Metallicity-dependent nucleosynthetic yields of Type Ia supernovae originating from double detonations of sub-M\(_{\text{Ch}}\) white dwarfs

• Published in: arXiv.org
• Main Authors: Gronow, Sabrina, Cote, Benoit, Lach, Florian, Seitenzahl, Ivo R, Collins, Christine E, Sim, Stuart A, Roepke, Friedrich K
• Format: Paper Journal Article
• Language: English
• Published: Ithaca Cornell University Library, arXiv.org 01.09.2021
• Subjects: Astronomical models; Chemical evolution; Detonation; Galactic evolution; Iron; Isotopes; Manganese; Massive stars; Metallicity; Nickel; Physics - High Energy Astrophysical Phenomena; Solar neighborhood; Stellar evolution; Supernovae; White dwarf stars
• ISSN: 2331-8422
• DOI: 10.48550/arxiv.2103.14050

Double detonations in sub-Chandrasekhar mass carbon-oxygen white dwarfs with helium shell are a potential explosion mechanism for a Type Ia supernova (SNe Ia). It comprises a shell detonation and subsequent core detonation. The focus of our study is on the effect of the progenitor metallicity on the nucleosynthetic yields.
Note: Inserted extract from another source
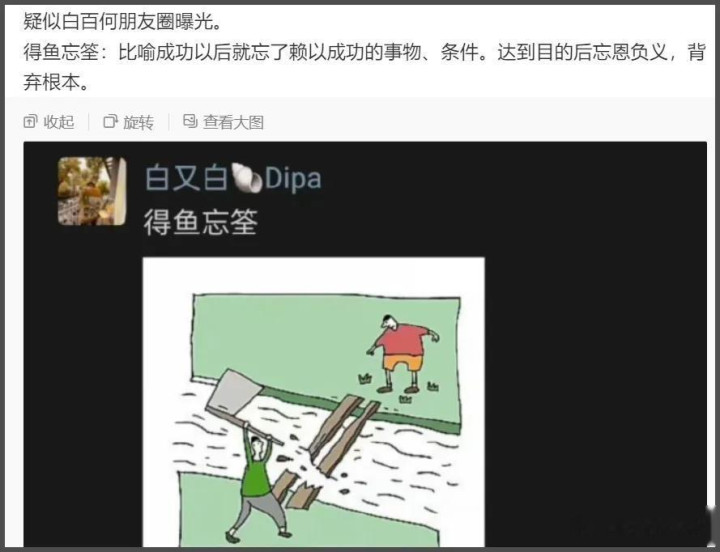 白百何此前在微博发文“还能这么操作…”,并配上“捂眼、捂耳朵、捂嘴”的表情包,还疑似在朋友圈配图“过河拆桥”,这接连内涵的操作冲上热搜。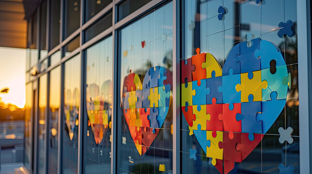 The glass wall of the healthcare institution for the development of children with autism syndrome, decorated with hearts made of pieces of colorful puzzles

For this, we compute and analyse a set of eleven different models with varying core and shell masses at four different metallicities each. This results in a total of 44 models at metallicities between 0.01\(Z_\odot\) and 3\(Z_\odot\). Our models show a strong impact of the metallicity in the high density regime. The presence of \(^{22}\)Ne causes a neutron-excess which shifts the production from \(^{56}\)Ni to stable isotopes such as \(^{54}\)Fe and \(^{58}\)Ni in the \(\alpha\)-rich freeze-out regime. The isotopes of the metallicity implementation further serve as seed nuclei for additional reactions in the shell detonation. Most significantly, the production of \(^{55}\)Mn increases with metallicity confirming the results of previous work. A comparison of elemental ratios relative to iron shows a relatively good match to solar values for some models. Super-solar values are reached for Mn at 3\(Z_\odot\) and solar values in some models at \(Z_\odot\). This indicates that the required contribution of SNe Ia originating from Chandrasekhar mass WDs can be lower than estimated in orevious work to reach solar values of [Mn/Fe] at [Fe/H]\(=0\). Our galactic chemical evolution models suggest that SNe Ia from sub-Chandrasekhar mass white dwarfs, along with core-collapse supernovae, could account for more than 80% of the solar Mn abundance. Using metallicity-dependent SN Ia yields helps to reproduce the upward trend of [Mn/Fe] as a function of metallicity for the solar neighborhood. These chemical evolution predictions, however, depend on the massive star yields adopted in the calculations.